# How to UPDATE from packages only



## rill (Dec 10, 2009)

In general, I like install from packages. But I don't how to update from package only.


----------



## DutchDaemon (Dec 10, 2009)

There are basically three options:

1. sysutils/bsdadminscripts
There's a pkg_upgrade script included

2. ports-mgmt/portmaster
This contains the -PP option (portmaster(8)) to install packages only. You need to have an up-to-date ports tree installed on the system. Note, this option is _brand new_, so it's not in the web manual page yet.

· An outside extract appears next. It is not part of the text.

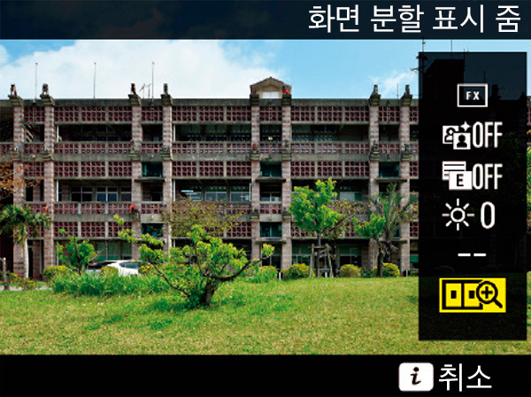 여기에 D810에서 또 하나 추가된 기능으로 '화면 분할 표시 줌' 이라는 기능이 신설 되었습니다. 이름만 들어선 무슨 뜻인지 쉽게 짐작하긴 어려울지도 모르겠습니다만, 내용은 신선합니다. 건축, 복사 촬영, 스틸 라이프 등의 사진을 촬영할때 매우 편리한 기능입니다.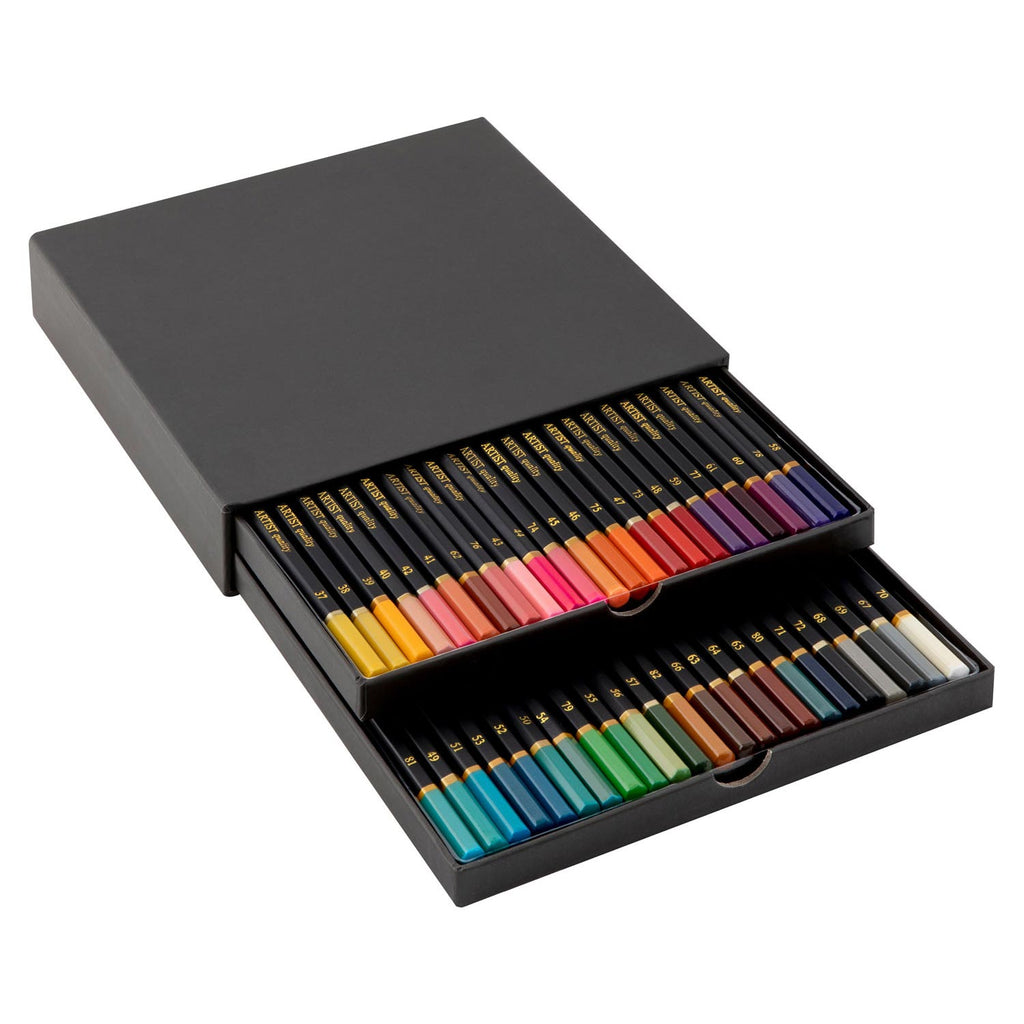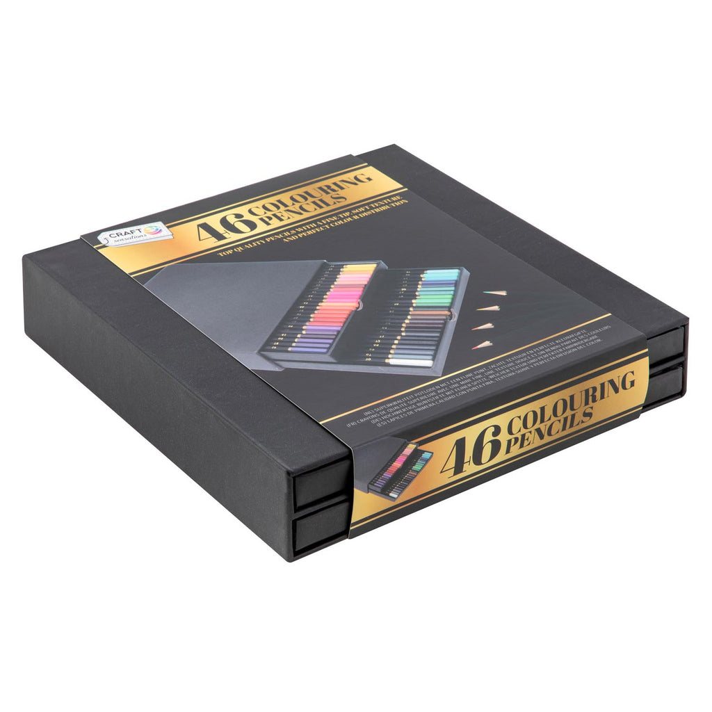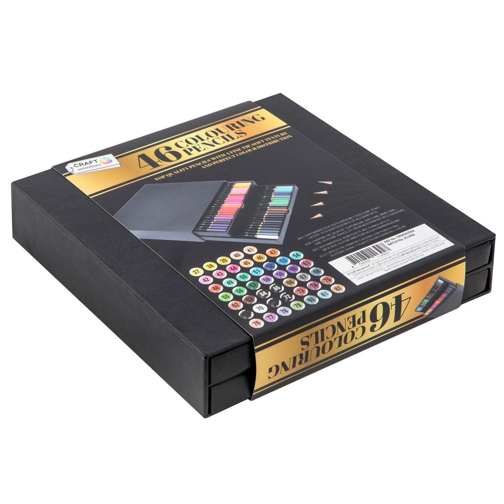 Kleurpotloden in opbergbox met laatjes, 46 stuks.

3. ports-mgmt/portupgrade.
This also contains the -PP option (portupgrade(1)) to install packages only. A local up-to-date ports tree is mandatory.


----------



## rill (Dec 10, 2009)

I tried portupgrade, It's succeed for signal port.

My new question is:
How to update gnome2 (from 2.26 to 2.28) and kde4 (from 4.3.1 to 4.3.4)


----------



## DutchDaemon (Dec 10, 2009)

Just like every other port. Provided there's actually a package available. If there isn't you'll just have to wait. The ports tree is always ahead of packages, so the portupgrade method will always complain about packages being out of date, and it may take weeks and sometimes months before the packages actually become available. That's the downside of using only packages.


----------



## rill (Dec 10, 2009)

setenv PACKAGESITE http://ftp.freebsd.org/pub/FreeBSD/ports/i386/packages-8-stable/Latest/

Now I find gnome2(2.28) and kde4(4.3.4) 

How to update above from packages.


----------



## DutchDaemon (Dec 10, 2009)

Try reading portupgrade(1)? Try `# portupgrade -PP gnome2\*` and [cmd=]portupgrade -PP kde4\*[/cmd]. I use neither, so these commands may not be entirely correct.  It's usually better to get the exact names from `# pkg_info`. I do believe portupgrade will honour the PACKAGESITE setting.


----------



## rill (Dec 10, 2009)

*ok*



			
				DutchDaemon said:
			
		

> Try reading portupgrade(1)? Try `# portupgrade -PP gnome2\*` and [cmd=]portupgrade -PP kde4\*[/cmd]. I use neither, so these commands may not be entirely correct.  It's usually better to get the exact names from `# pkg_info`. I do believe portupgrade will honour the PACKAGESITE setting.



ok, from above explanationï¼ŒI know how to update gnome2/kde4 from packages with portupgrade tool.  No a simply command.


----------